La seule vraie question qui vaille dans cette affaire est toutefois posée par la gauche : une élue condamnée pour des faits graves de détournements de fonds publics peut-elle être candidate à la présidence ? La réponse se trouve évidemment dans la question. Pour l’instant, Le Pen caracole en tête des sondages, face à une droite et une gauche en miettes. Jamais elle n’a semblé aussi prête du but, survivante politique après ses – déjà – multiples condamnations pour détournements et les trahisons politiques dont le RN est le théâtre coutumier.
Un GPS pour le PS
À droite, les candidatures se multiplient entre le président de LR, Bruno Retailleau, les anciens premiers ministres macronistes Édouard Philippe et Gabriel Attal et tous ceux et celles, innombrables, qui ne sont pas encore déclaré·es, mais se disent « disponibles pour servir la France ». Un inventaire à la Prévert dans lequel la droite espère trancher par une très hypothétique primaire, à moins qu’un·e candidat·e ne se révèle naturellement comme leader d’une droite comptable de dix ans de politique macroniste. La plupart de ces candidat·es promettent larmes et sang aux Français·es ordinaires, appelé·es à tous les sacrifices pour combler la gigantesque dette que leurs propres gouvernements ont creusé par des rabais fiscaux et des subventions sans fin aux grandes entreprises et aux plus hauts patrimoines.

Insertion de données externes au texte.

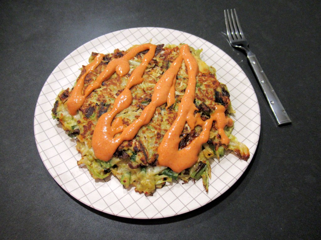Reuben sandwich inspired okonomiyaki. Shredded yellow potato (squeezed as dry as possible and microwaved for three minutes) / shredded cabbage and chopped green onion (baked for 20 minutes) / in a batter with minced ginger, white pepper, salt, gochugaru, eggs, flour, and ginger seltzer / stuffed with sliced roast beef and Jarlsberg / then cooked in a wide pan in canola oil / topped with homemade Russian dressing.

La droite française n’a cependant rien à envier à une gauche en ruine, à l’exception notable de La France insoumise (LFI). Le PS incarne jusqu’à la caricature la guerre des egos. Bien malin celui ou celle encore capable de suivre les méandres des intentions socialistes dont on ne compte déjà plus le nombre de candidats déclarés et putatifs (aucune femme pour l’instant) et qui devraient se départager au cours d’une primaire interne au fonctionnement nébuleux. En coulisses, on accuse François Hollande d’alimenter cette « stratégie du chaos », afin de s’imposer en recours providentiel le moment venu… Mieux vaut s’équiper d’un GPS pour naviguer dans ce marigot. Les sociaux-démocrates Raphaël Glucksman et Bernard Cazeneuve, les ex-LFI François Ruffin et Clémentine Autain, le communiste Fabien Roussel, l’écologiste Marine Tondelier ou encore les habituels trotskistes, sont également candidat·es plus ou moins déclaré·es. Si tout ce petit monde se rêve en candidat unique d’une « gauche non-mélenchoniste », il a pour point commun de ne pas avoir de programme et de passer son temps à précisément parler de… Mélenchon.
Cette division fait le miel de Marine Le Pen, qui se sent revigorée par l’arrêt de la cour d’appel. Son accession à la magistrature suprême serait une mauvaise nouvelle pour la France, l’Europe et, à n’en pas douter, pour le Luxembourg. Mais sa condamnation pourrait tout autant lester une campagne au cours de laquelle elle aura du mal à éviter le sujet de la corruption sur lequel ses concurrent·es appuieront avec délectation. En attendant, comme un symbole, une majorité de député·es formée par le RN, la droite traditionnelle et des troupes de Macron ont adopté ce 7 juillet une loi accordant la présomption d’innocence aux policiers auteurs de tirs mortels. Ce « permis de tuer » accordé à la police était une revendication de longue date de l’extrême droite, déjà inscrite dans les programmes de Le Pen père dans les années 1990.